Japan ordered a halt to all flights of Boeing Co. 777s equipped with the engine that failed Saturday over Denver as U.S. aviation regulators ordered emergency inspections of the model’s fan blades.
Japan’s transport ministry on Sunday ordered ANA Holdings Inc. and Japan Airlines Co. to ground Boeing 777 planes they operate following an engine failure that rained debris over a Denver suburb but injured no one. ANA operates 19 planes and JAL operates 13 with similar engines that failed on United Airlines plane in Denver.
The U.S. carrier involved in Saturday’s incident, United Airlines, said it will voluntarily halt operations of 24 of its planes while the FAA order is carried out.
Meanwhile, the U.S. Federal Aviation Administration ordered inspections after examining the hollow fan blade that failed, the agency said in an emailed statement Sunday evening. The inspections apply to Boeing 777s equipped with PW4000 engines made by Raytheon Technologies Corp.’s Pratt & Whitney division.
FAA Administrator Steven Dickson said the aggressive inspections “will likely mean that some airplanes will be removed from service.”
A Japan Airlines 777-200 with Pratt & Whitney engines suffered a similar failure on Dec. 4.

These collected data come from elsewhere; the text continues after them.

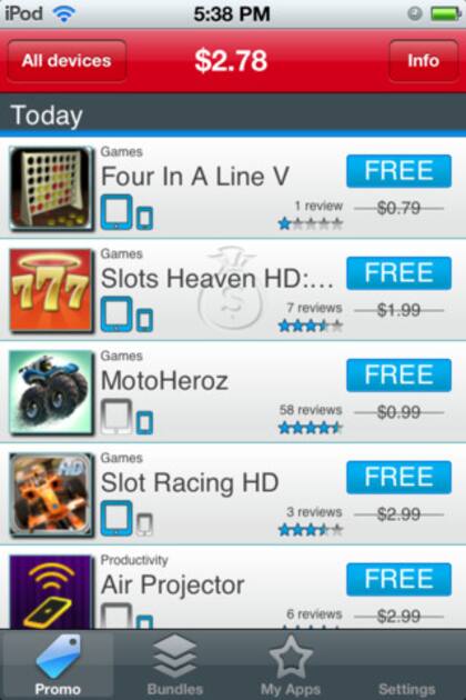 Para iPhone, iPod touch y iPad existen varias aplicaciones de este tipo; entre ellas está App Promo , que permite descubrir las novedades y las mejores promociones de la tienda on line de Apple en todas las categorías. Con una propuesta similar, Free Report permite ver de forma diaria las aplicaciones sin costo que se ofrecen en el App Store.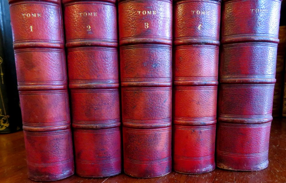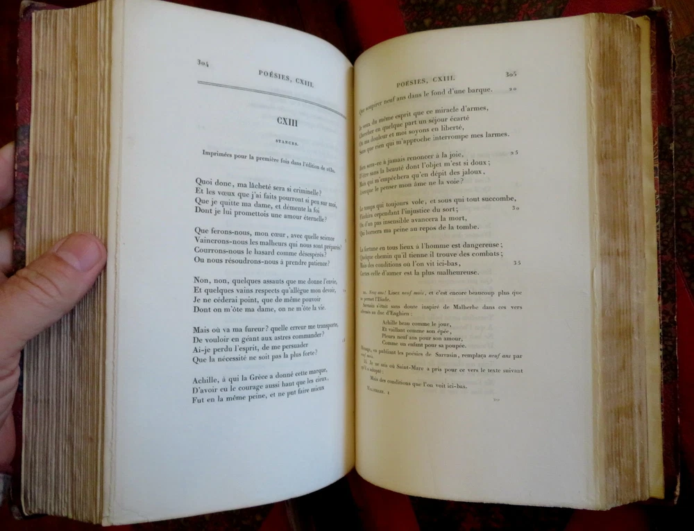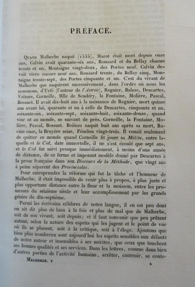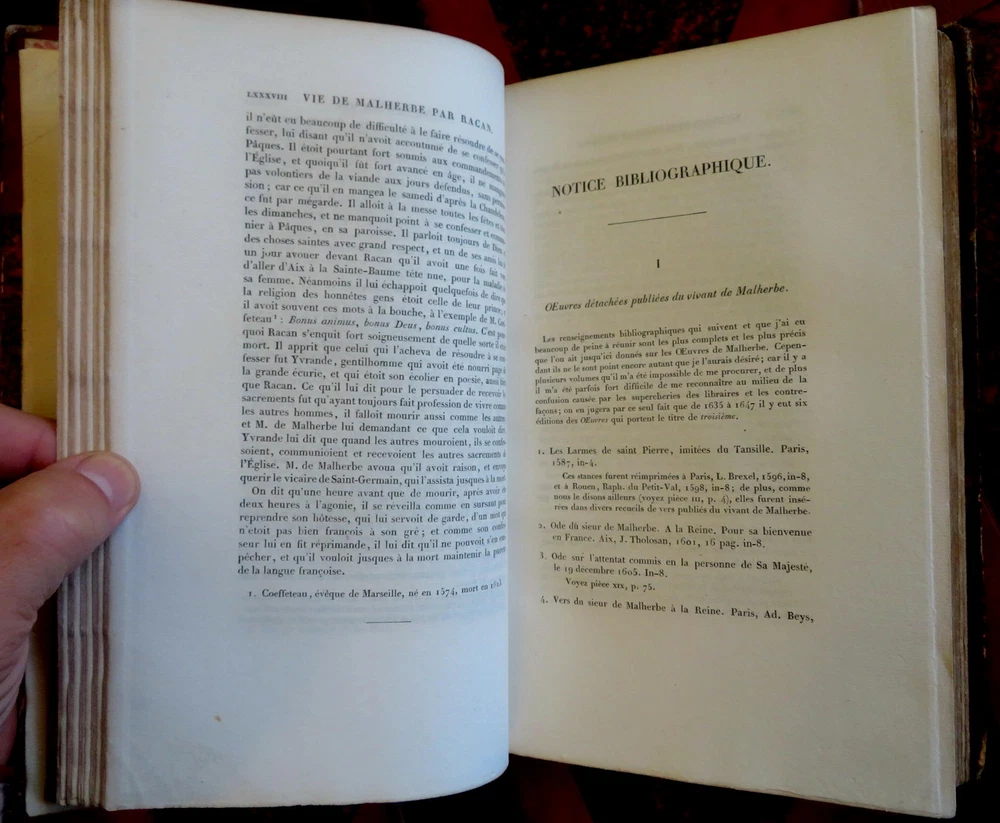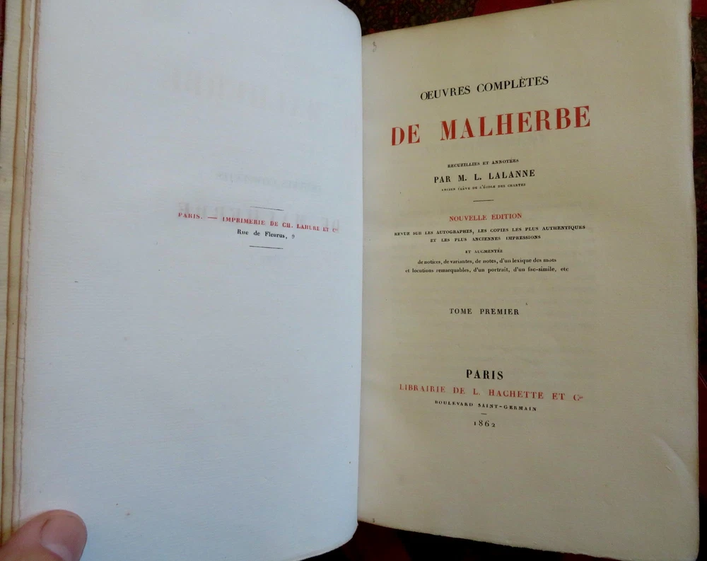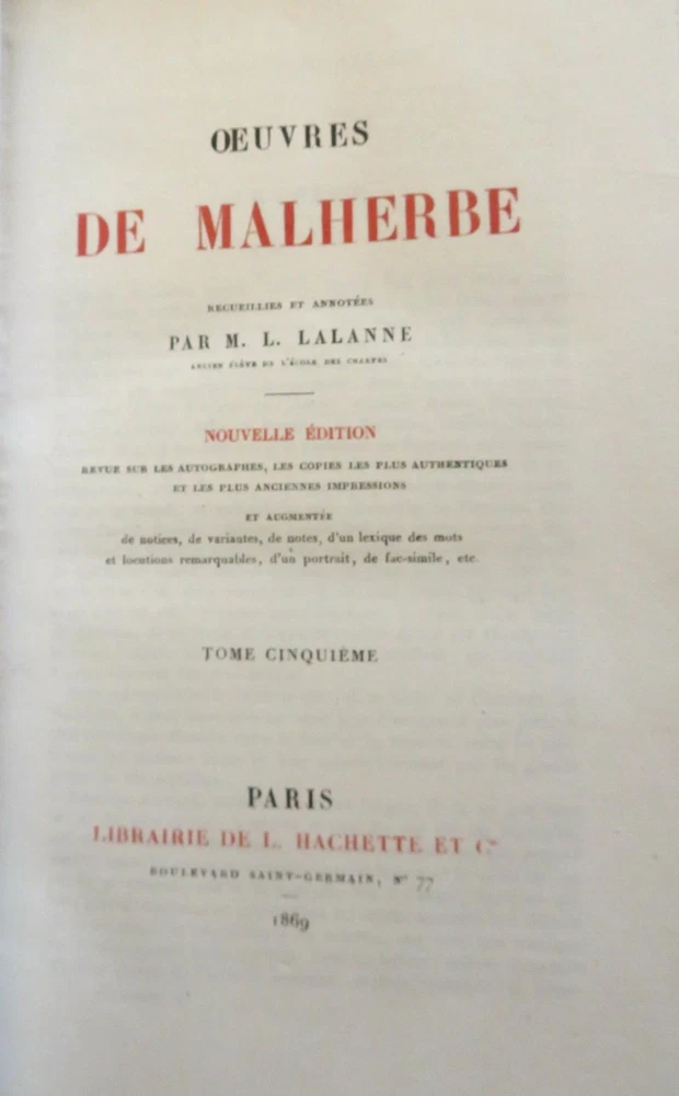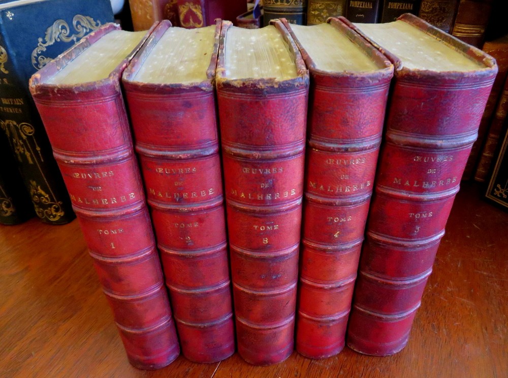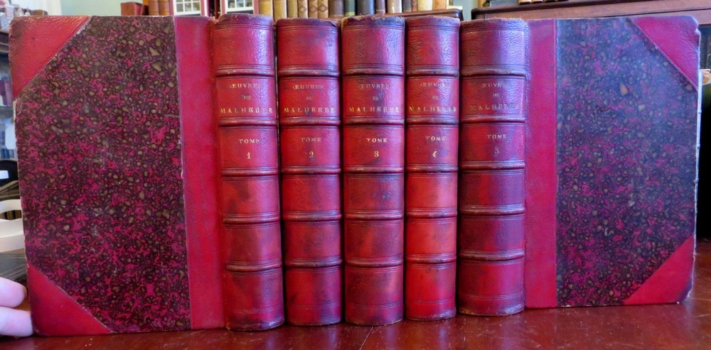 French Poetry Francois de Malherbe Complete Works 1869 rare leather 5 vol. set French Poetry Francois de Malherbe Complete Works 1869 rare leather 5 vol. set (Old Books, 19th Century Books, Leather Books, French Books, Poetry, Francois de Malherbe). Ouvres Completes de Malherbe. Published 1862-69, Paris by Hachette Et Cie. 5 volumes, each c. 600-675 pages. Text in French. Scarce set in any condition. Attractive antiquarian 1/2 leather bindings, raised bands, gilt title lettering, gilt ruled compartment decorations, marbled end papers & covers, top edges gilt, deckled edges. Set is physically old and shows some signs of handling and time. Bindings age worn but still appealing, leather and joints scuffed and rubbed but still supple, spine ends worn with small chipping in spots, some age staining to leather, board tips bumped with fraying, set remains overall very attractive as an object. Text block paper is gently age toned as typical, internally set remains mostly clean, tight and sound. A set which has been taken care of but may/ does not look like new. Still attractive on the shelf. Set displays a pleasing and unique age patina and is in rather nice antiquarian condition, any age flaws seem easy to overlook or forgive. Please review photos for more detailed attempt to present this scarce set as it survives. We often over-describe any flaws that many sellers would not even bother to mention since most people would overlook them as minor and unworthy of comment. Many people tell us the books they receive from us are nicer in person than they appears on the screen. We want you to be clear about what you are buying, so we take numerous photos and try to describe it openly and honestly. Books Measure c. 9 1/4" H x 6" W. [B7473-BR225].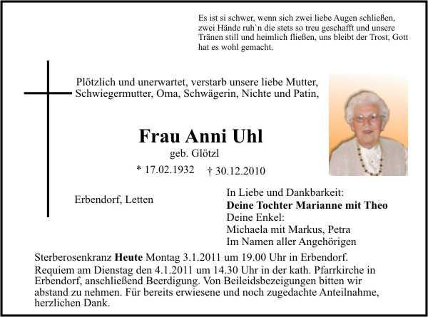 Requiem am Dienstag, den 4.1.2011 um 14.30 Uhr in der kath. Pfarrkirche in Erbendorf, anschließend Beerdigung. Von Beileidsbezeigungen bitten wir Abstand zu nehmen. Für bereits erwiesene und noch zugedachte Anteilnahme, herzlichen Dank.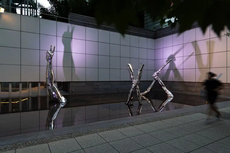 Internationally recognized artist Hank Willis Thomas works across several disciplines and mediums and has recently created large-scale sculptures and monuments for the public realm. This installation at Offsite will be the first time three of Thomas’ polished stainless-steel sculptures will be exhibited together.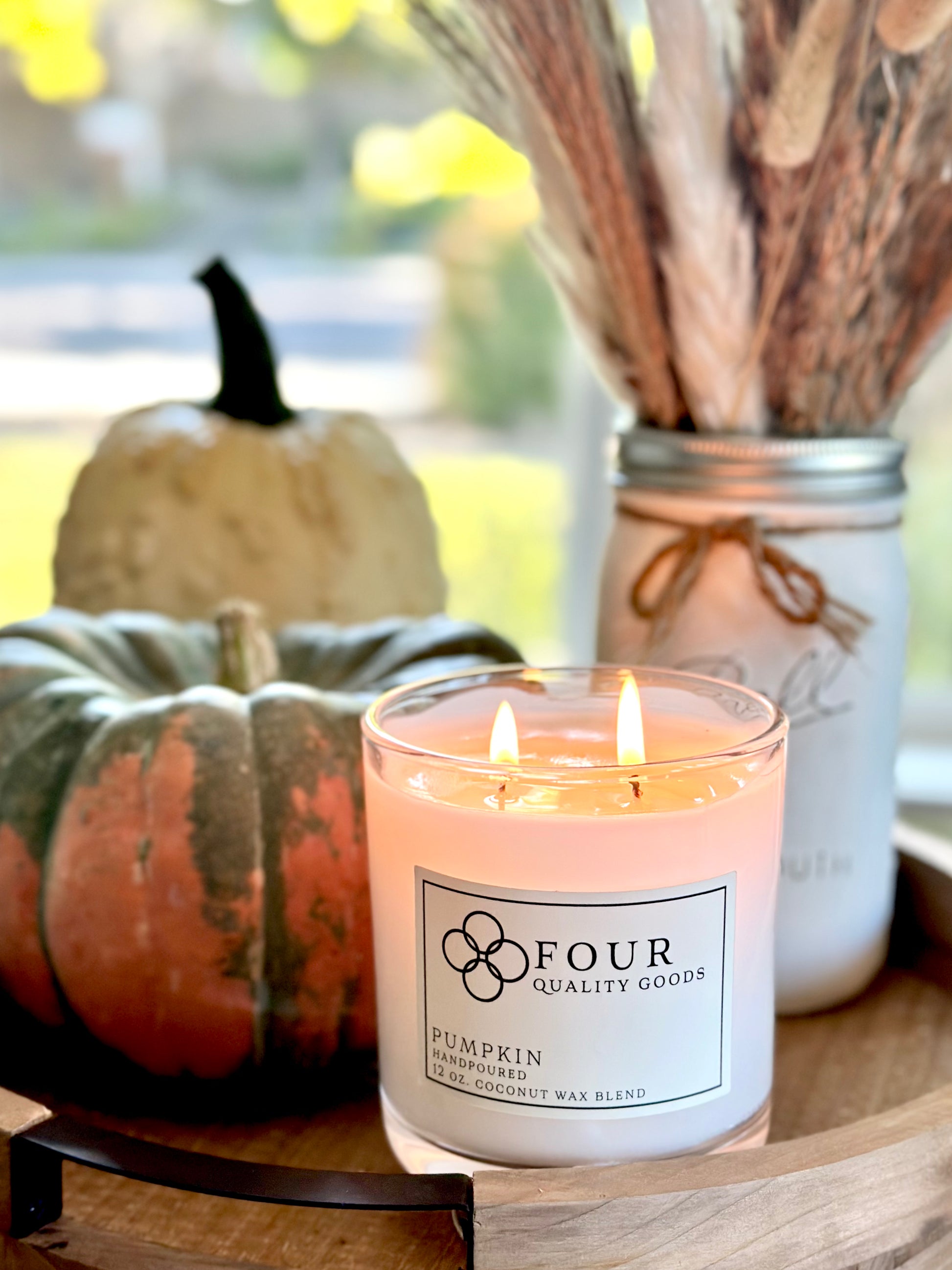 Pumpkin - This delightful candle will fill your home with comforting fall scents of pumpkin, cardamom, clove, cinnamon, and spice. Cozy up your space with all the warm notes this candle will bring!

“After consulting with my team of aviation safety experts about yesterday’s engine failure aboard a Boeing 777 airplane in Denver, I have directed them to issue an Emergency Airworthiness Directive that would require immediate or stepped-up inspections of Boeing 777 airplanes equipped with certain Pratt & Whitney PW4000 engines,” Dickson said in an emailed statement.